The plaintiff in error, hereinafter called defendant, was convicted in the county court of Kay county on the charge of having possession of intoxicating liquor with intent to sell the same, and sentenced to pay a fine of $50 and be imprisoned in the county jail for a period of 30 days.
The first error complained of is that the court erred in overruling defendant's motion to suppress the evidence seized under the search warrant, for the reason that the affidavit for the search warrant was insufficient to authorize the issuance of a search warrant. The charging part of the affidavit reads as follows: *Page 193 wit: Lot 12, Block 32, the original town site of Tonkawa,
"Fred Long, being first duly sworn on oath, deposes and says: That as to the following described premises, to Kay County, Okla., the Main Rooms, Said premises being in the possession of the true name of the party unknown. That one J.E. Hurry told your informant that he was in the above described premises a very short time ago and he saw the lady who runs the place sell three pints of whisky to men that were there or came there. That several other persons whose names are not known to your informant at this time has told your informant that whisky was being sold and kept on the above described premises.
"Your affiant says further: That he is a peace officer of Kay county, has received numerous complaints from persons who go there or live in the neighborhood that the prohibitory laws of the State are being violated on the premises. The premises are a public place and conducted as a rooming house for the public. Your affiant says that: The general reputation of the place and premises in the community and neighborhood is that it is a place where intoxicating liquor is being kept, concealed and sold."
In the case of Ray v. State, 43 Okla. Crim. 1, 276 P. 785, this court said:
"An affidavit for a search warrant can be made on information and belief only when it sets out facts positively sworn to showing probable cause. * * *
"Where the affidavit and search warrant are sufficient on their face, the evidence obtained by the search is admissible, and the court will not permit the accused, after the warrant has been executed, to show that the statements in the affidavit are not true, or to raise any question as to the accuracy or source of the affiant's information or the means by which it was obtained."
Measured by the rule above stated, the affidavit in the case at bar was wholly insufficient to justify the issuance of a search warrant. *Page 194
Fred Long, the officer making the affidavit in the case at bar, did not claim to know of his own personal knowledge any of the facts set out in the search warrant, but merely states that he has been told the facts by other persons, naming one of them.
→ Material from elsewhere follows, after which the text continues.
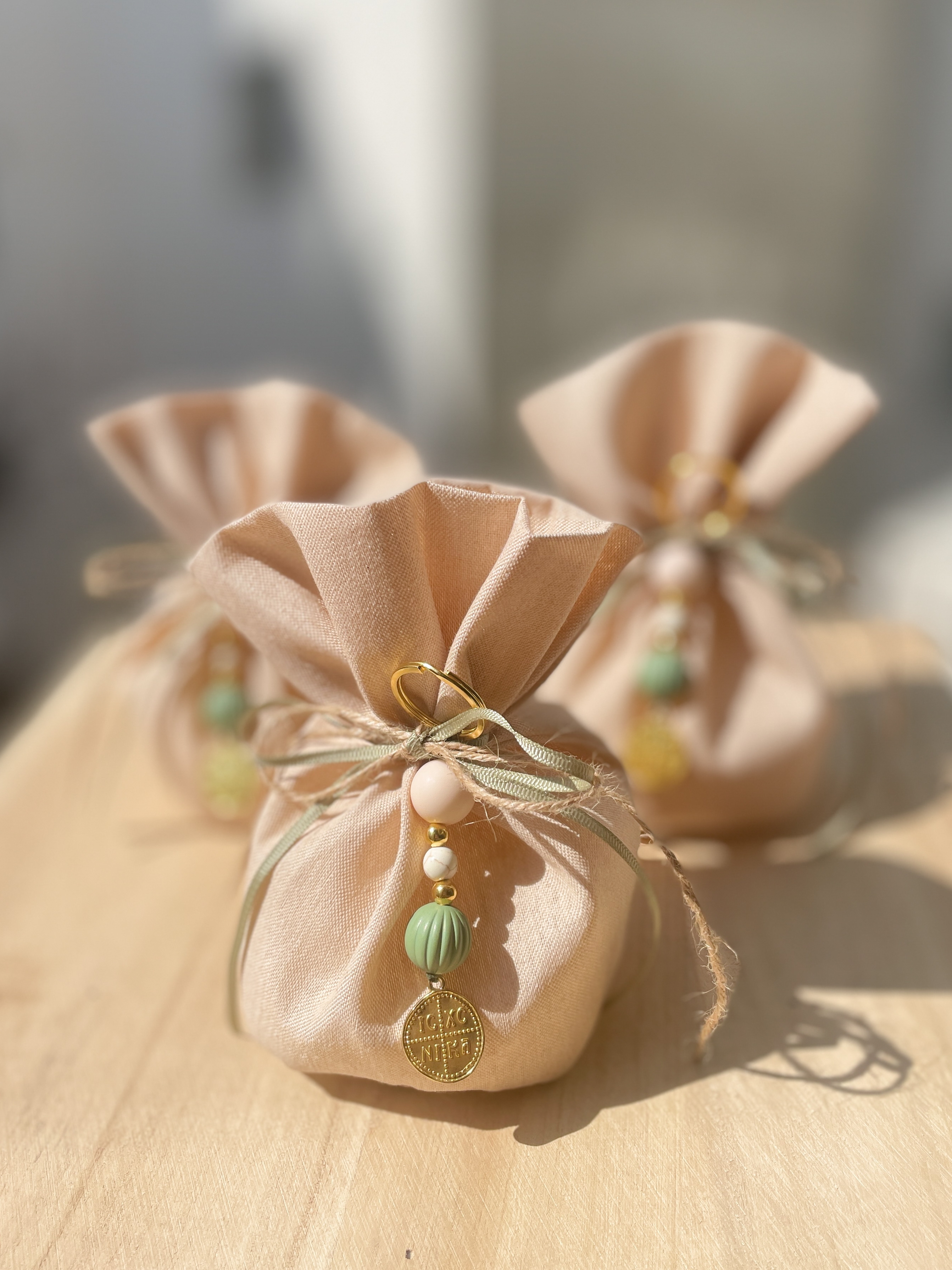 Πουγκί καμβάς με μπρελόκ Κωνσταντινάτο - Μπομπονιέρα βάπτισης για αγόρι

The affidavit should be made by some person who knows the facts and the facts should be stated in the affidavit. It would have been an easy matter to procure the affidavit of J.E. Hurry as to the sale of the three pints of whisky alleged in the affidavit. This affidavit of Hurry could have been attached to the affidavit of the officer. It is not required that the affidavit for the search warrant shall be in one document, but the charge made in the affidavit for search warrant may be supported by affidavit of other persons who know the facts in the case. The additional affidavit should be made before the search warrant is issued and should be attached to and made a part of the affidavit for the search warrant and filed with the magistrate before the search warrant is issued. The defendant having filed her timely motion to suppress the evidence, and the affidavit being insufficient on its face to support the issuance of the search warrant, it was error for the court to overrule the motion.
The evidence obtained under the search warrant being the only evidence in the case, and it being incompetent, it follows that the cause must be reversed.
Reversed and remanded, with instructions to dismiss the case.